▸ Action item
Please return exactly the lines below that run from the line with "Asamblea de trabajadores" through the end of the listing, both included, but not the pictures.

▸ Collected material
╔══

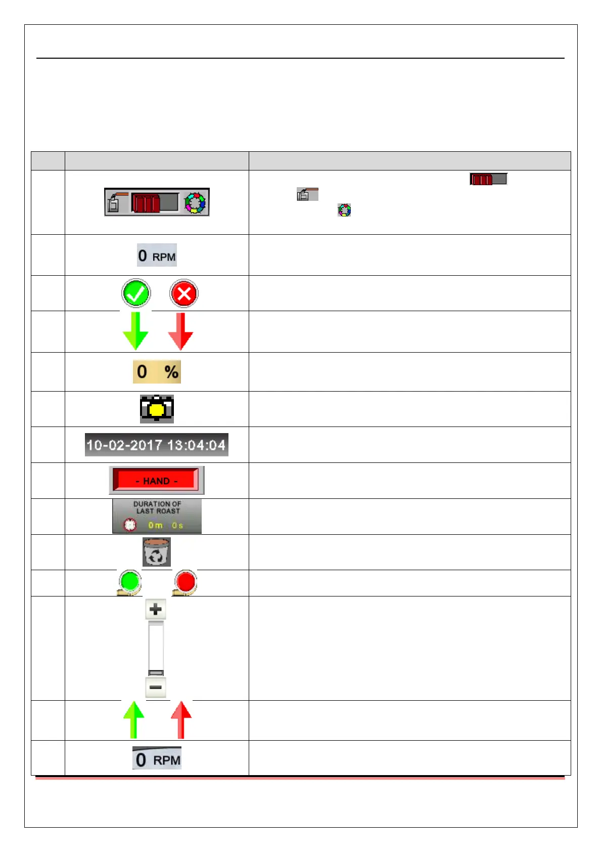 and the work mode (manual automatic). The full roasting process can be carried out using this screen only.
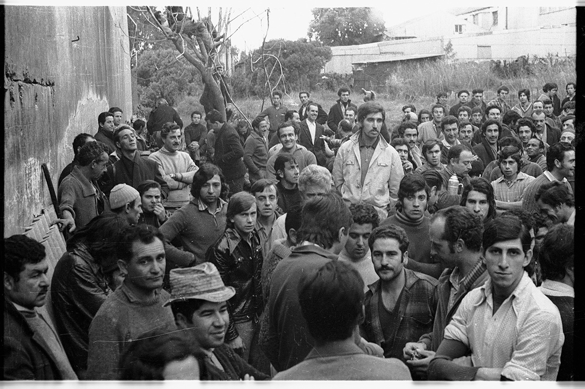 Asamblea de trabajadores de la construcción a la entrada de la Fábrica Nacional de Cemento Portland. Calle María Orticoechea.
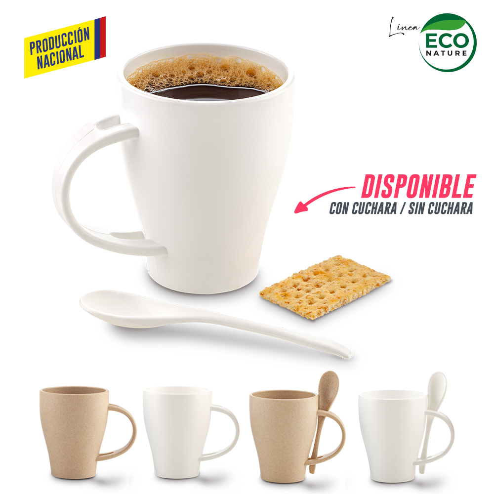 Mug plástico de producción nacional, elaborado en polipropileno. Opcional con o sin cuchara.Color blanco sólido o con material ecológico en fibra de trigo (50% aprox). El porcentaje de material ecológico tiene un promedio de biodegradabilidad de 2-3 años después del fin de su vida útil. Medidas: 10.5 cm x 8.3 cm diámetro . Marca: 4 cm / Tampografía **Para el material con contenido de fibra de trigo puede haber variación en el tono de los colores debido a la reacción del tipo de material y los colorantes usados en la fabricación**

╚══

▸ Solution below
 Asamblea de trabajadores de la construcción a la entrada de la Fábrica Nacional de Cemento Portland. Calle María Orticoechea.
 Mug plástico de producción nacional, elaborado en polipropileno. Opcional con o sin cuchara.Color blanco sólido o con material ecológico en fibra de trigo (50% aprox). El porcentaje de material ecológico tiene un promedio de biodegradabilidad de 2-3 años después del fin de su vida útil. Medidas: 10.5 cm x 8.3 cm diámetro . Marca: 4 cm / Tampografía **Para el material con contenido de fibra de trigo puede haber variación en el tono de los colores debido a la reacción del tipo de material y los colorantes usados en la fabricación**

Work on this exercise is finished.